Successful students will be able to identify the most relevant passages, sections and chapters within the articles and books they read, not least through judicious use of contents pages and indexes, and to recognise that not every item on a given reading list will need to be read in its entirety, or read with the same level of intensity throughout. Good writers will guide readers through their work, and their approach, along with the main points of their argument, ought to be discernible fairly quickly.
Note taking
Successful students will also be those who are able to develop efficient note taking skills.
The key is to take neither too many nor too few notes, and to ensure that these notes are clear, accurate, and logically organised. Ensure that your notes record thoroughly the details regarding the source from which they are taken, in terms of the author, title, date, and so on, as well as in terms of page numbers. This will guarantee that you will be able to footnote correctly (see below), and save a great deal of time if you find it necessary to revisit particular sources for clarification and further elucidation. It will also serve to protect you from unintentional plagiarism (see below), particularly if you ensure that your notes indicate very clearly when you have quoted directly from a given author.
Library resources
Given the pressure on library resources, students need to persevere in order to obtain the required readings for seminars and essays, but this process is made a great deal easier by the wealth of resources at your disposal, beyond the reading rooms in UCL library.

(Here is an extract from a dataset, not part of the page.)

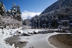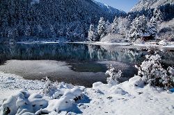 進(jìn)入木格措的冬天就是進(jìn)入了一片美麗的冰雪天地,然而在這里,除了冰雪,還有陽光、沙灘、藍(lán)天處處充滿著浪漫的氣息。早晨,當(dāng)你站在海拔3780米的木格措海子觀景臺(tái)前,閉上眼睛細(xì)細(xì)品味雪山后暖暖陽光照射在身上的感覺;工作、生活、煩惱……一切拋在腦后!在景區(qū)的樹上到處是漂亮的冰掛,讓人仿佛一下子進(jìn)入純潔晶瑩的人間仙境;在海子旁自然形成的一大片名為黃金海岸的沙灘,更是給來到這里的人們帶來情海的感受。

UCL library should obviously be your first port of call, given its proximity, and that every effort is made to ensure that it contains the most relevant material for your studies. If books are on loan, remember that they can be recalled. If there is particularly high demand for certain items, your tutor ought to be able to have the loan period changed, although only when the book is actually in the library, and not already on loan.
In addition to the books on the shelves, however, certain book chapters (in photocopy), and certain particularly popular books, have been placed by tutors on what is called the ‘teaching collection’. These items should be marked on reading lists with an alphanumeric code (e.g.
TC1362), or with the term ‘issue desk’, and can be obtained for a short period from the issue desk, for use in the library, and for copying.
Equally valuable is the possibility of using many other libraries in the vicinity of UCL.
These include:
 Senate House Library. The Library for the University of London, within a stone’s throw of UCL, and for which all undergraduates should automatically be registered. The library’s collections complement, rather than merely duplicate, those of UCL.
 School of Slavonic and East European Studies (SSEES) Library.
 Institute of Archaeology library.
 Institute of Historical Research (IHR). You may need a letter from your tutor in order to gain admission, but the advantage of this library is that books cannot be borrowed, and so can be assumed to be available.